**Provided records**.
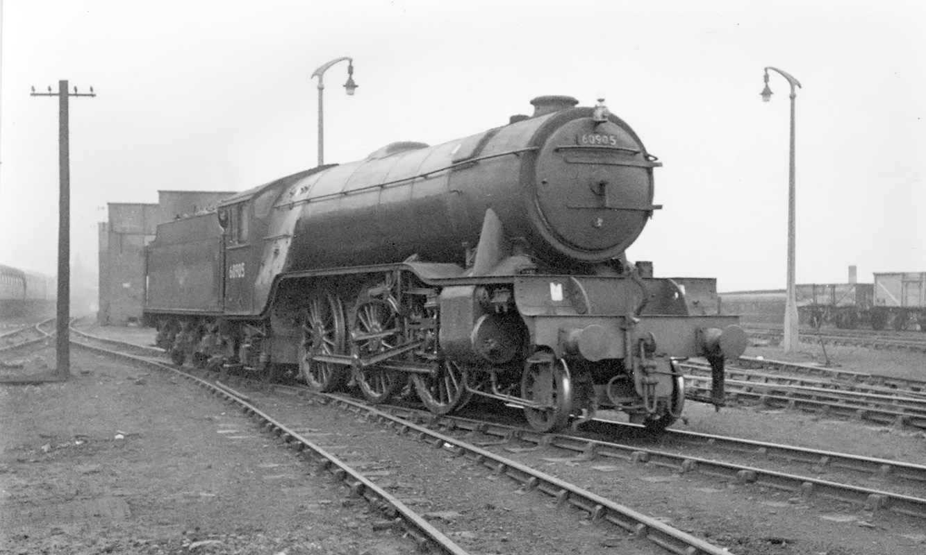 A fairly clean visitor to the shed, a V2 from Doncaster, No 60905. This was probably an action shot of the loco being moved. It's been turned and the tender filled with coal and was either being parked or on its way off shed. I have yet to work out if there was a preferred direction for these moves. Arrivals after turning on the triangle used to arrive on the right hand side of the picture and pass by the south side of the shed and run up to the coaling stage. Departures off shed may have run by this side of the shed but I don't know for sure. Photographer unknown.
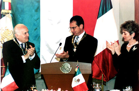 Il Presidente della Repubblica Oscar Luigi Scàlfaro durante la visita di Stato in Messico. 28 marzo 1996.
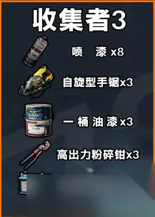 收集者-3 喷漆(非绑定) x8 一桶油漆(非绑定) x3 自旋型手锯(非绑定) x3 高出力粉碎钳(非绑定) x3 电动车电池(非绑定) x2
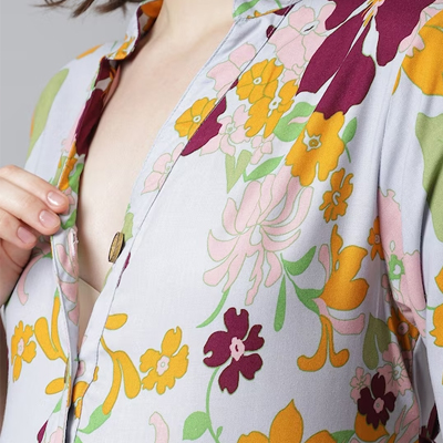 Grey and maroon floral print empire dress
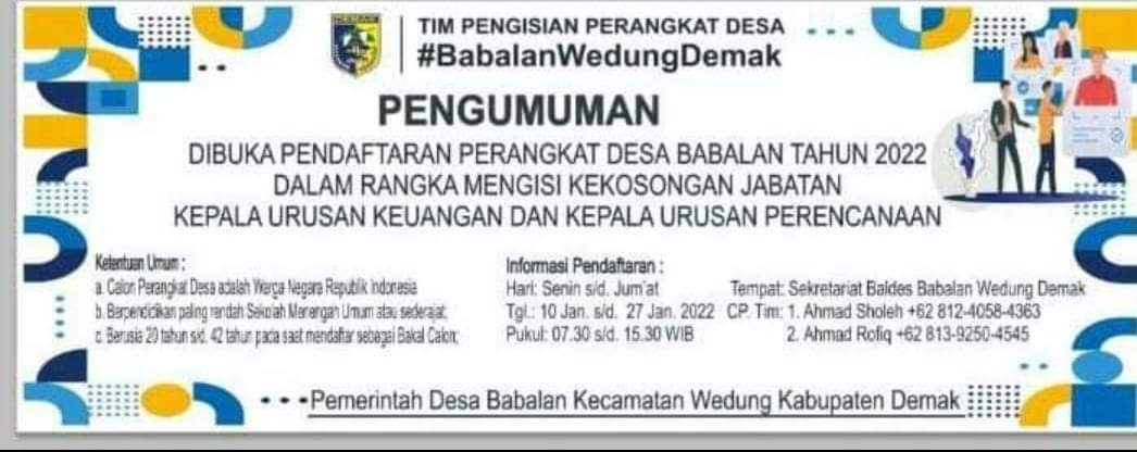 Demak – Pemerintah Desa Babalan Kecamatan Wedung membuka pendaftaran perangkat Desa Babalan tahun 2022. Melalui tim pengisian perangkat desa setempat memberikan kesempatan kepada masyarakat untuk mengisi kekosongan jabatan Kepala Urusan Keuangan dan Kepala Urusan Perencanaan. Untuk pendaftaran dapat dilakukan setiap hari kerja, mulai tanggal 10 Januari sampai 27 Januari 2022, dari pukul 07.00 WIB sampai dengan 15.00 WIB bertempat di Sekretariat Balaidesa Babalan Kecamatan Wedung Kabupaten Demak.
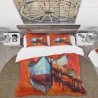 There is just nothing better than a beautiful, inviting comfortable bed after a long day. This Graphic Print bed set is created using the richest colors stemming from high density Italian ink and the softest fabrics, making it the perfect way to spruce up your bedroom while keeping it ultra-comfortable. This luxurious Transportation bed design is made with 100% microfiber polyester, making it ultra-soft to ensure you sleep comfortably all night long. This Nautical & Coastal set includes 1 Bed Cover and 2 Shams and is available in twin, queen and king sizes. This Nautical & Coastal Duvet Cover Set Bedding Set is easily integrated into your already decorated space.Features:Printed using High Density Italian Ink making the colors extra vibrantMade from ultra-soft, lightweight 100% microfiber Free Shipping Over $49.99* Details Designart 'Boats Resting On The Water Near Coastal Town IV' Nautical & Coastal Product Description: There is just nothing better than a beautiful, inviting comfortable bed after a long day. This Graphic Print bed set is created using the richest colors stemming from high density Italian ink and the softest fabrics, making it the perfect way to spruce up your bedroom while keeping it ultra-comfortable. This luxurious Transportation bed design is made with 100% microfiber polyester, making it ultra-soft to ensure you sleep comfortably all night long. This Nautical & Coastal set includes 1 Bed Cover and 2 Shams and is available in twin, queen and king sizes. This Nautical & Coastal Duvet Cover Set Bedding Set is easily integrated into your already decorated space. Features: Printed using High Density Italian Ink making the colors extra vibrant Made from ultra-soft, lightweight 100% microfiber polyester Wrinkle resistant fabric. Down-like comfort, odorless The Lake House bed set includes one bed cover and two standard pillow shams Creates a complete and stylish look in your room The elegant and soft colors are both trendy and fun to brighten and update your bedroom Made in Canada Decorative Wall Art and throw pillows to match this set are available but sold separately Actual comforter inserts and pillow inserts are not included This set includes the two pillow shams and comforter cover only. Made from polyester Nautical & Coastal Duvet Cover Set Color is Orange Nautical & Coastal, Transportation style Non-reversible Set Includes: Duvet Cover Shams Pillow Cases not included but can be buy separately Comforter Insert NOT INCLUDED Twin Dimensions: 1 Duvet Cover68 inches wide x 88 inches long 1 Standard Sham16 inches wide x 26 inches long Queen Dimensions: 1 Duvet Cover88 inches wide x 88 inches long 2 Standard Shams16 inches wide x 26 inches long King Dimensions: 1 Duvet Cover104 inches wide x 88 inches long 2 King Shams20 inches wide x 36 inches long Fabric Care Instructions: Machine wash on cold gentle cycle. Wash separately on first wash. Use only non- chlorine bleach when needed. Tumble dry low. Remove promptly.

**Work instruction**. Your task is to copy only the lines above starting at the one containing "Il Presidente della" and ending at the one containing "Demak – Pemerintah". Copy them exactly, both ends included, and omit the pictures.

**Solution to this problem**.
 Il Presidente della Repubblica Oscar Luigi Scàlfaro durante la visita di Stato in Messico. 28 marzo 1996.
 收集者-3 喷漆(非绑定) x8 一桶油漆(非绑定) x3 自旋型手锯(非绑定) x3 高出力粉碎钳(非绑定) x3 电动车电池(非绑定) x2
 Grey and maroon floral print empire dress
 Demak – Pemerintah Desa Babalan Kecamatan Wedung membuka pendaftaran perangkat Desa Babalan tahun 2022. Melalui tim pengisian perangkat desa setempat memberikan kesempatan kepada masyarakat untuk mengisi kekosongan jabatan Kepala Urusan Keuangan dan Kepala Urusan Perencanaan. Untuk pendaftaran dapat dilakukan setiap hari kerja, mulai tanggal 10 Januari sampai 27 Januari 2022, dari pukul 07.00 WIB sampai dengan 15.00 WIB bertempat di Sekretariat Balaidesa Babalan Kecamatan Wedung Kabupaten Demak.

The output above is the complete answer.